Prince of Uglich from 1261 to 1285

Vladimir Konstantinovich (Владимир Константинович; 1214 – 27 December 1249) was Prince of Uglich from 1218 until his death in 1249.

==Reign==
Vladimir Konstantinovich was born in 1214. He was the youngest of the three sons of Konstantin Vsevolodovich, the grand prince of Vladimir and prince of Rostov. In 1218, just before his death, Konstantin divided his patrimony between his sons: Vasilko received Rostov and likely Beloozero, while Vsevolod received Yaroslavl. Vladimir, who was four, later received Uglich.

In 1218, he attended the consecration of the Sts. Boris and Gleb Church in Rostov. In 1228, he attended the ordination of Mitrofan as bishop in Vladimir. The same year, he participated in the campaign against the Mordvins. In 1231, he attended the consecration of the Assumption Cathedral in Rostov.

In 1238, he participated in the battle of the Sit River during the Mongol conquest; he survived, and in 1244, he visited Batu Khan and was confirmed as prince of Uglich.
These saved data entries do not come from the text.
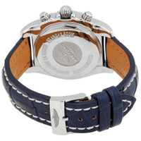 Silver-tone polished stainless steel case with a blue crocodile leather strap. Uni-directional rotating stainless steel bezel. Silver dial with silver-tone hands and index hour markers. Tachymeter. Dial Type: Analog. Luminescent hands and markers. Date display between 4 and 5 o'clock position. Chronograph - three sub-dials displaying: 60 second, 30 minute and 12 hours. Breitling Calibre 01 Automatic movement, containing 47 Jewels, composed of 346 parts, bitting at 28800 vph, and has a power reserve of approximately 70 hours. Scratch resistant sapphire crystal. Screw down crown. Solid case back. Round case shape, case size: 41 mm. Tang clasp. Water resistant at 300 meters / 1000 feet. Functions: chronograph, date, hour, minute, second. Chronomat 41 Series. Luxury watch style. Watch label: Swiss Made. Breitling Chronomat 41 Chronograph Automatic Silver Dial Men's Watch AB014012/G711.718P.A18BA.1. CASE Case Size: 41 Case Material: Polished Stainless Steel Case Shape: Round Case Back: Solid BAND Band Material: Crocodile Leather Band Type: Strap Band Color: Blue Clasp: Tang DIAL Dial Color: Silver Type: Analog Crystal: Scratch Resistant Sapphire Hands: Silver-tone Dial Markers: Index Second Markers: Tachymeter Sub Dials: Three - 60 Second, 30 Minute and 12 Hours Luminiscence: Hands and Markers Bezel: Uni-directional Rotating Bezel Material: Stainless Steel Crown: Screw Down INFORMATION Brand: Breitling Series: Chronomat 41 Collection Name: Chronomat 41 Gender: Mens Model: AB014012/G711.718P.A18BA.1 Watch Label: Swiss Made Movement: Automatic Engine: Breitling Calibre 01 FEATURES Water Resistance: 300 meters / 1000 feet Calendar: Date display between 4 and 5 o'clock position Functions: Chronograph, Date, Hour, Minute, Second Watch Features: Analog, Leather, Stainless Steel, Chronograph ADDITIONAL INFO Watch Style: Luxury Warranty: 2 Year Jomashop Warranty Jomashop Sku: BTAB014012-G711BLCLT Department: Watches Category: Watches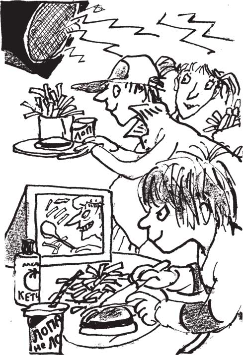 И какая там еда! Высоченные бургеры, огромные пиццы, горы кетчупа. И картошки фри дают сколько хочешь. А ещё пятьдесят два вида мороженого. И никаких овощей!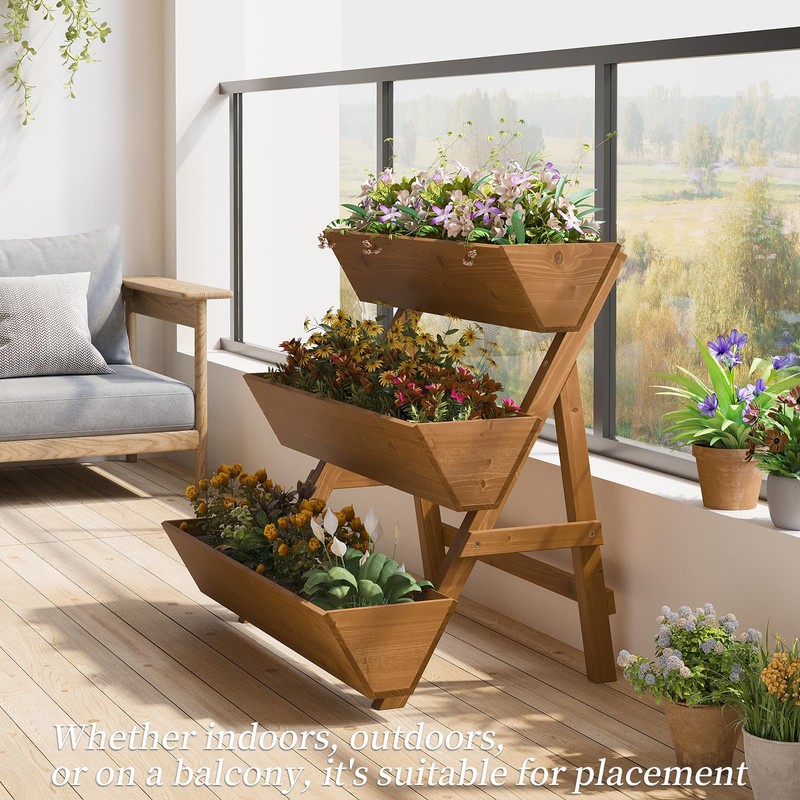 Kitsanery 3-Tiers Wooden Raised Garden Bed,Wood Planter Box for Vegetable,Flower Rack,Flower Pot Stands,Indoor Outdoor Gardening Planting Beds (Brown, Large)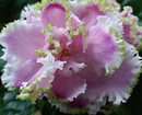 - Окраска цветка: лепестки нежно-розовые с тесьмой малинового цвета и золотисто-зеленой бахромой.

On 27 December 1249, he died in Vladimir. His body was taken to Uglich with the presence of his cousin Alexander Nevsky. As he predeceased Sviatoslav, his children were barred from the grand princely title, according to traditional succession practices.

==Family==
In 1232, he married Nadezhda Ingvarevna (d. 1278), a princess of Ryazan. They had two sons: Andrey and Roman, princes of Uglich.

==Sources==
- Boguslavsky, Vladimir V. (2001). "Славянская энциклопедия. Киевская Русь — Московия. Т. 1: А–М"
- Feldbrugge, Ferdinand J. M. (2017). "A History of Russian Law: From Ancient Times to the Council Code (Ulozhenie) of Tsar Aleksei Mikhailovich of 1649"
- Fennell, John L. I. (2014). "The Crisis of Medieval Russia 1200-1304"
- Fennell, John L. I. (2023). "The Emergence of Moscow, 1304–1359"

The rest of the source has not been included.